July 27, 2022 by The727Team

In the 8 years I’ve been doing residential real estate in St. Pete, Florida I’ve seen buyers enjoy interest rates mostly between about 3-4% on 30 year loans. When I first started around 2014, homes were still cheap and interest rates were low as well. There really wasn’t a huge demand to live in St. Pete at that time so anyone that locked down a house in this time period benefited greatly. 

Caddys on the beach!!!!

I met a spectrum of people with different opinions on where this housing market was heading. Some people in 2015 were cautious and thought the market would come back down. They had recognized the pattern of the cyclical market that was typical in Florida and assumed that this would continue. They thought we may be at the top of the market and it was about to come back down. They didn’t take the risk and unfortunately lost out tremendously. 

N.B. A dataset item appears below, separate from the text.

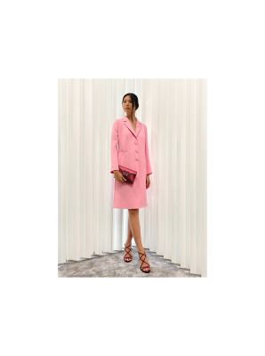 Doña Letizia buscó en su fondo de armario y halló este vestido abriguito rosado de Carolina Herrera. Confieso que en el estreno me gustó, ya no. Los botones me parecen baratijas. ;

I remember I also met a successful real estate investor who told me something along the lines of “you can’t go wrong buying any property in this area”.  I imagine he’s probably even more successful now because he had the foresight to know that property values would 2-3x over the next 5-7 years. 

With that said we’re at a different point in time now. Prices are still high and demand has accelerated the past couple of years due to Le Covid. Where will prices go?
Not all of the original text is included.